-- THE DATA follows --

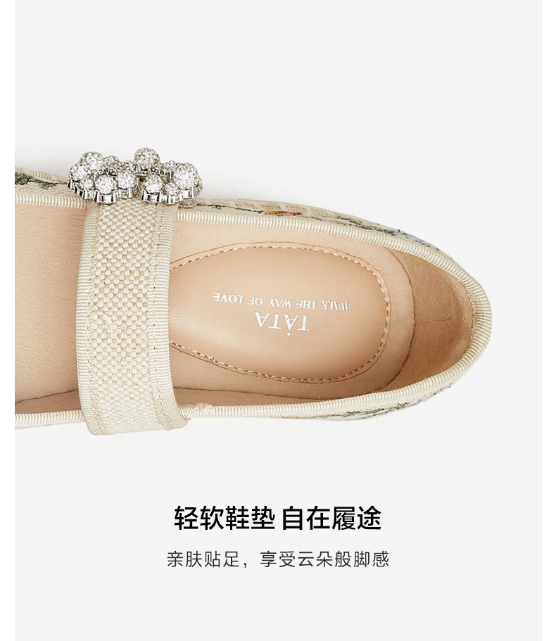 | 款式季节:春季 | 鞋垫材质:人造革 | 渠道划分:线下同步 | 前掌高度:2CM | 皮质特征:织物 |
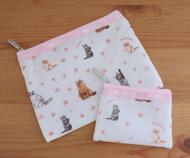 超人氣聯乘系列第 5 彈!充滿春日氣息的櫻花與可愛貓咪圖案設計。包含兩個實用尺寸,完美收納各類小物:
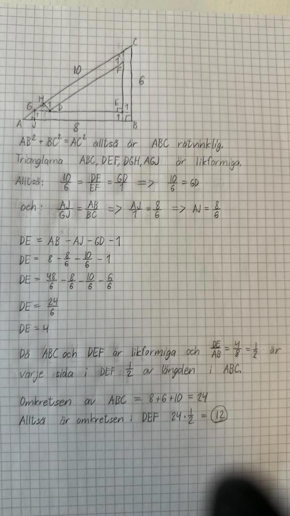 Omkretsen av stora triangeln är 8 + 6 + 10 = 24, det ser man från början.
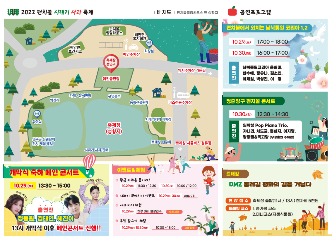 이 외에도 사과홍보관, 시래기융복합사업단, 농촌체험마을, DMZ경제순환센터, 새마을부녀회 먹거리, 분식 및 카페, 타로상담, 농특산물 판매 및 택배접수 등 다양한 부스를 운영하여 볼거리, 먹거리, 즐길거리도 다양하게 갖춰질 예정이다.
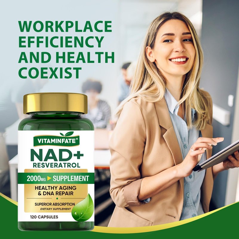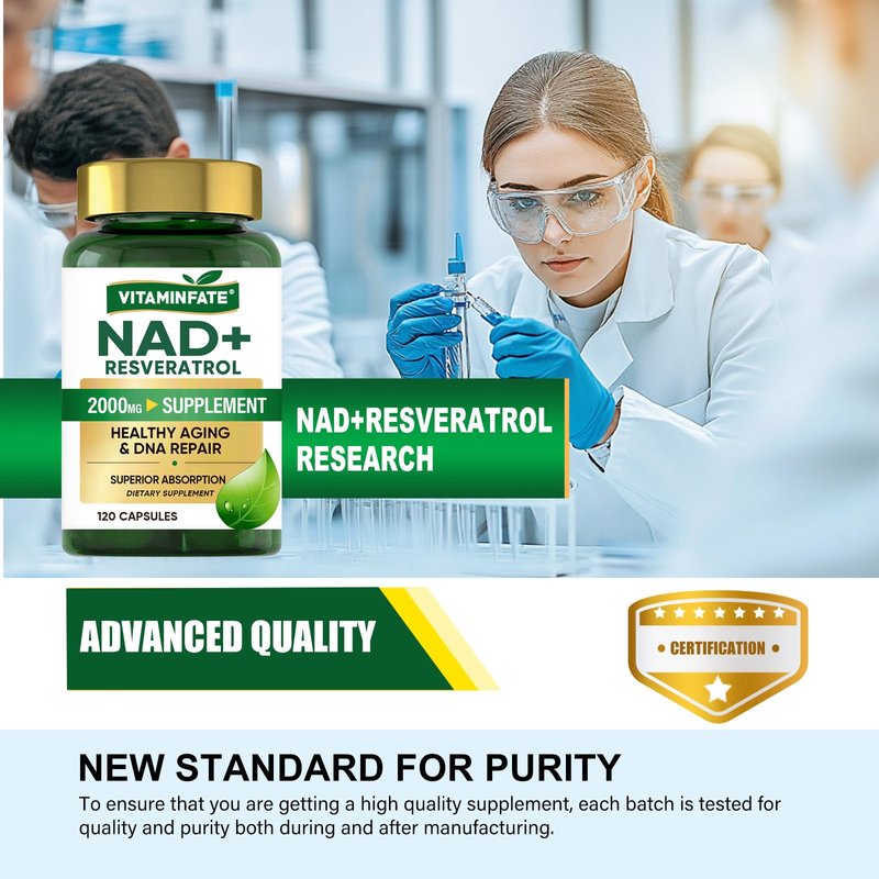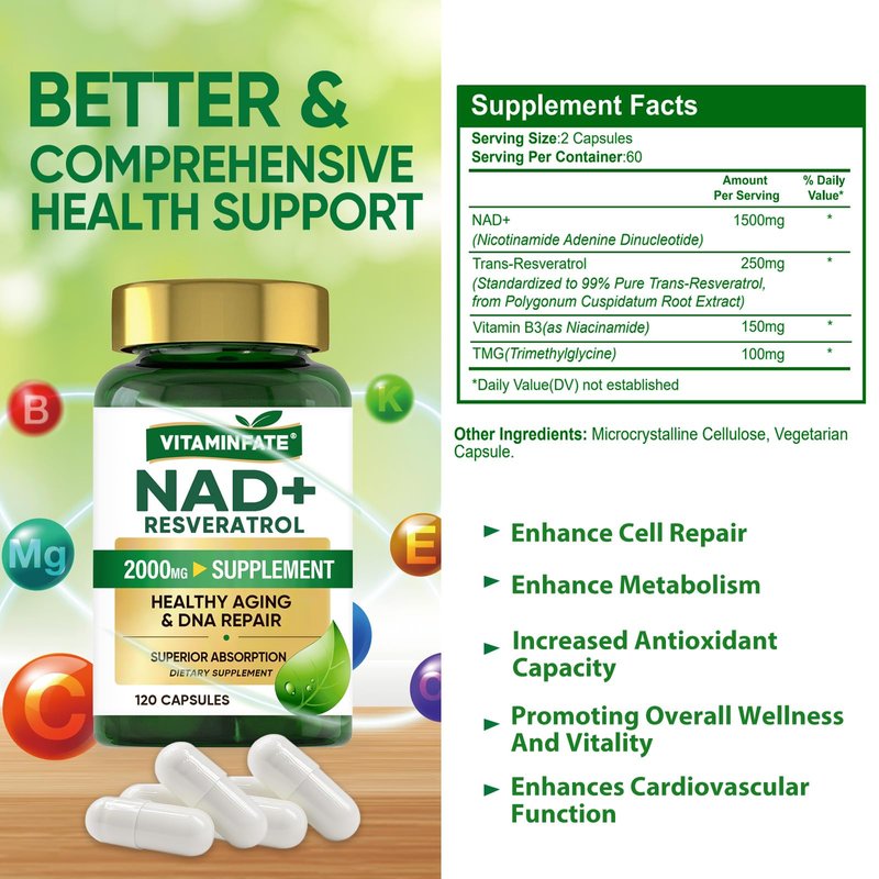 VITAMINFATE NAD+ Supplement 2000 mg - 120 Capsules True NAD+ & Resveratrol, NMN Alternative Supports Anti-Aging, Cellular Energy & Repair, Metabolism & Brain Boost for Men & Women
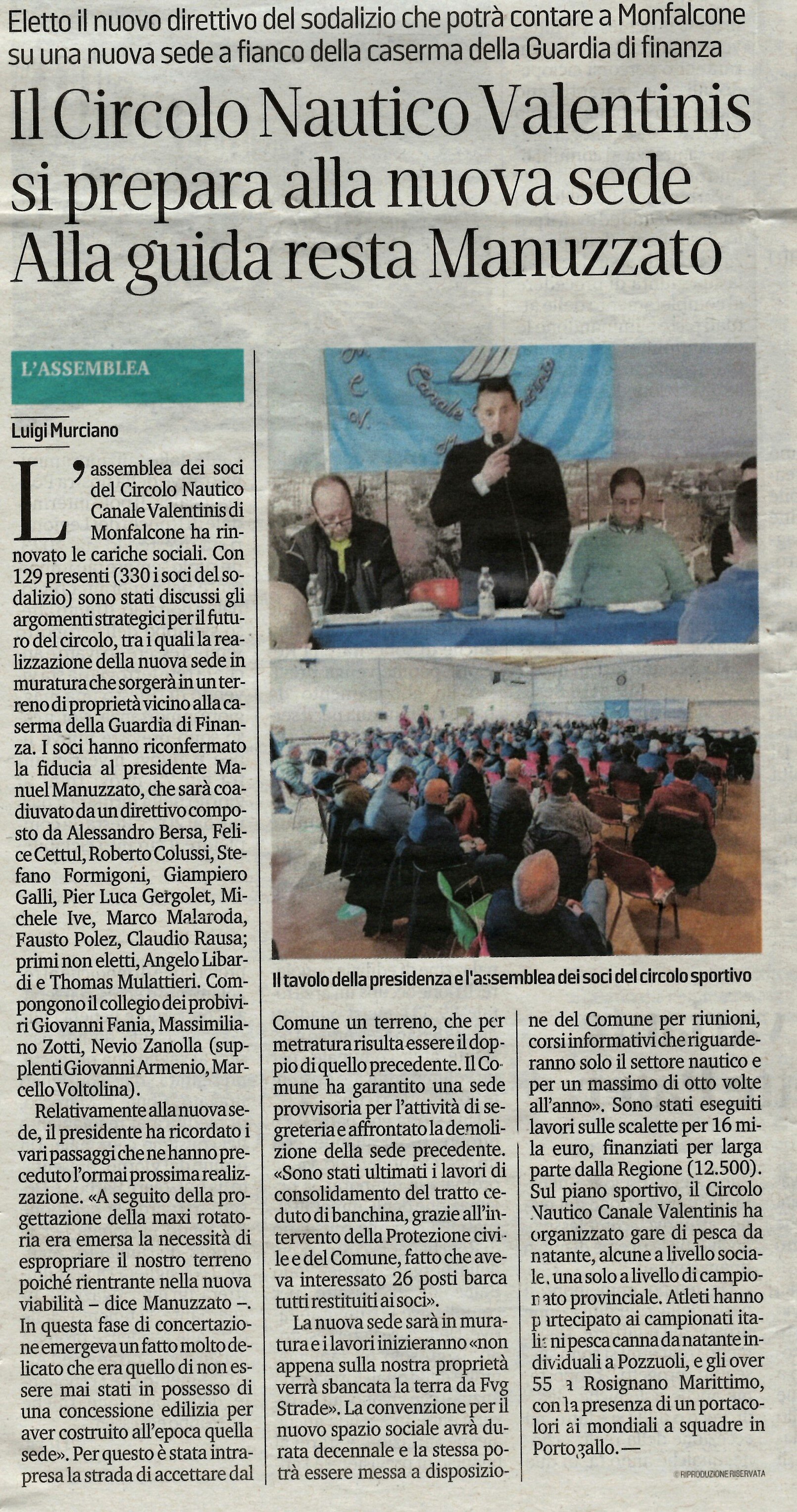Domenica 2 febbraio 2025 presso il Centro Anziani di Monfalcone, che ringraziamo sempre per l'ospitalità, si è tenuta l'Assemblea Ordinaria e Straordinaria del Circolo Nautico Canale Valentinis, che ha visto, tra gli argomenti in discussione, l'approvazione del capitolato di spese e l'autorizzazione alla stipula di un mutuo per la realizzazione della nuova Sede Sociale.
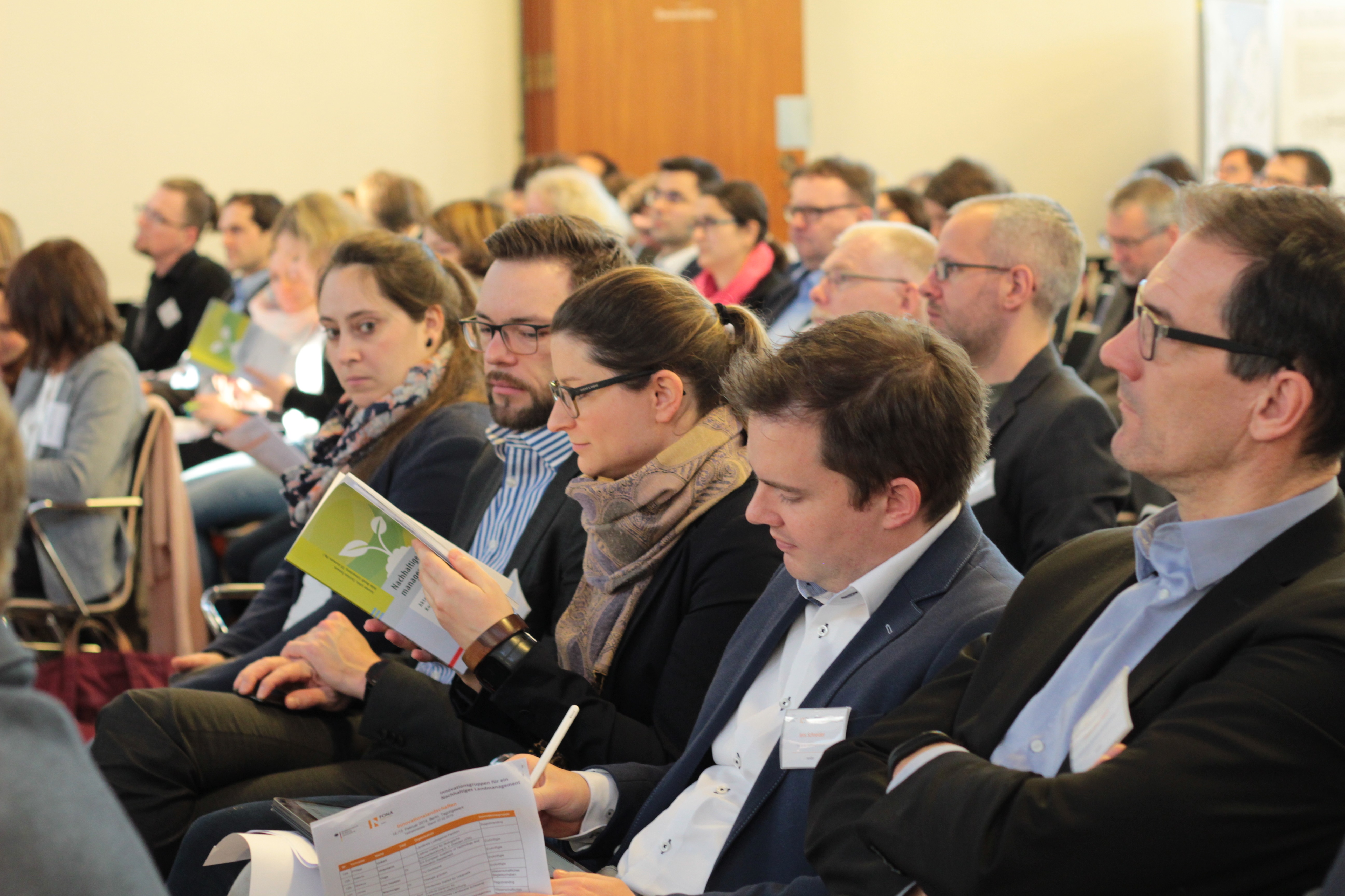 Vom 14. bis 15. Februar 2019 trafen sich rund 150 Teilnehmende zur Abschlusskonferenz der BMBF-Fördermaßnahme „Innovationsgruppen für ein Nachhaltiges Landmanagement“ in Berlin. Den Besuchern der Konferenz wurden zentrale Ergebnisse und innovative Konzepte der Projekte vorgestellt. Mit dabei waren unter anderem Projekte, die Mehrfachnutzungen von Land durch Agrophotovoltaikanlagen oder Agroforstsysteme ermöglichen, Konfliktlösungen mittels Energieszenarios oder Konzepte für das Aushandeln von Interessen im Kulturlandschaftsmanagement bereitstellen. Zu der projektübergreifenden Frage, wie diese neuen Lösungen die bisherige Praxis ergänzen und verändern können, ist zur Konferenz der Ergebnisband „Nachhaltige Landnutzung managen“ erschienen.
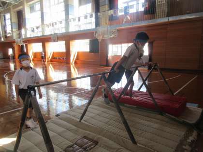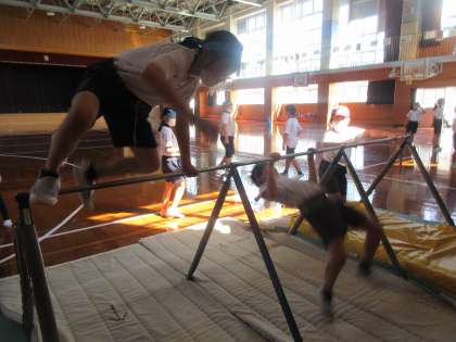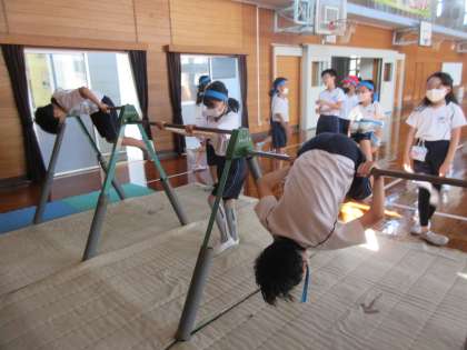 体育館に鉄棒が設置されました。今日の体育の時間には、リレーの練習をした後に、少し練習する時間を設けて取り組みました。久しぶりの鉄棒を見て、どの子もうれしそうでした。
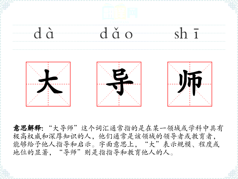 在英语中,“大导师”可能对应“guru”或“mentor”,这些词汇在西方文化中同样代表着权威和指导者的角色。
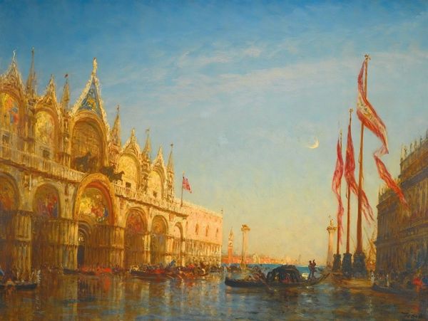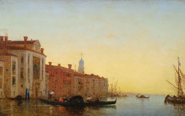 Curator: Oh, isn't this luminous? Like capturing a collective dream. Editor: Indeed. Here we have a painting titled *Gondole Devant Le Grand Bassin, Venise*. We attribute it to Félix Ziem, and it certainly presents a Venetian cityscape, likely rendered en plein-air with oils. Curator: Ziem! What a name! You know, when I look at this, I feel that the colors are alive. Venice, more water than stone—it dissolves reality. Editor: His manipulation of the oils suggests he wanted us to reflect on Venice as a hub of maritime activity—labor in service of a leisured class. The gondola itself, mass-produced despite its appearance, reflects early tourism. Curator: Ah, always looking beneath the shimmer, aren't you? For me, though, it's the emotional shimmer that counts. Look at that moon hanging suspended! It pulls me into the water; I’m on that gondola headed straight for the Doge’s Palace. Editor: Of course. Yet even that palace, the Doge’s Palace, is stone brought to Venice—the building represents human interaction and alteration. Curator: Well, the gondolier—he's real labor in service of an artist capturing beauty! He’s the human heart of the machine of Venice. And the painting—it practically vibrates. Can you feel the evening coolness? Editor: His brushwork feels hurried, efficient. Likely done in a single session or quickly capturing fleeting light; labor within impressionism's time demands to capitalize on the market for these Venetian scenes. Curator: Maybe, but I prefer to think he rushed to capture the soul of Venice—that feeling you get as dusk softens the city. That almost hurts. Editor: It's interesting how, for Ziem and others of the period, Venice was also a place for intense capitalist exchange—tourism in its first full flowering and art created to feed it. The painter himself, the subject, and us now looking. All connected. Curator: Mmm. True or not, I'd row in this painterly sea anytime. Thanks for the counterpoint. Editor: Thank you; understanding the circumstances around making it doesn’t make its beauty any less—if anything, more palpable.
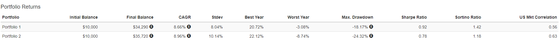 Não tendo as coisas na minha base de dados acabei por ir ao portfoliovisualizer. Portfolios 1 é o SPY/TLT, que apresenta rácio superiores. Ambos testados desde Dez 2004.
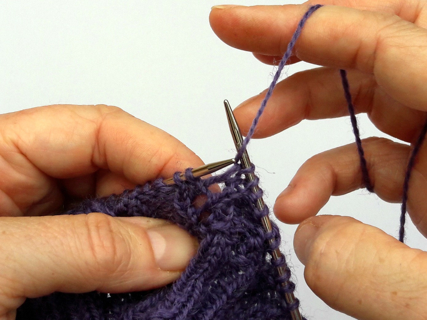 3 Wrap the yarn around the needle in an anti-clockwise direction so that it returns to the back of your work ready to knit the next stitch …

-- THE DATA concluded --

▸ **TASK**
Using the entries above, transcribe exactly from the line that has "Omkretsen av stora" through the line that has "Domenica 2 febbraio". Pictures are dropped.

▸ **ANSWER BOX**
 Omkretsen av stora triangeln är 8 + 6 + 10 = 24, det ser man från början.
 이 외에도 사과홍보관, 시래기융복합사업단, 농촌체험마을, DMZ경제순환센터, 새마을부녀회 먹거리, 분식 및 카페, 타로상담, 농특산물 판매 및 택배접수 등 다양한 부스를 운영하여 볼거리, 먹거리, 즐길거리도 다양하게 갖춰질 예정이다.
 VITAMINFATE NAD+ Supplement 2000 mg - 120 Capsules True NAD+ & Resveratrol, NMN Alternative Supports Anti-Aging, Cellular Energy & Repair, Metabolism & Brain Boost for Men & Women
Domenica 2 febbraio 2025 presso il Centro Anziani di Monfalcone, che ringraziamo sempre per l'ospitalità, si è tenuta l'Assemblea Ordinaria e Straordinaria del Circolo Nautico Canale Valentinis, che ha visto, tra gli argomenti in discussione, l'approvazione del capitolato di spese e l'autorizzazione alla stipula di un mutuo per la realizzazione della nuova Sede Sociale.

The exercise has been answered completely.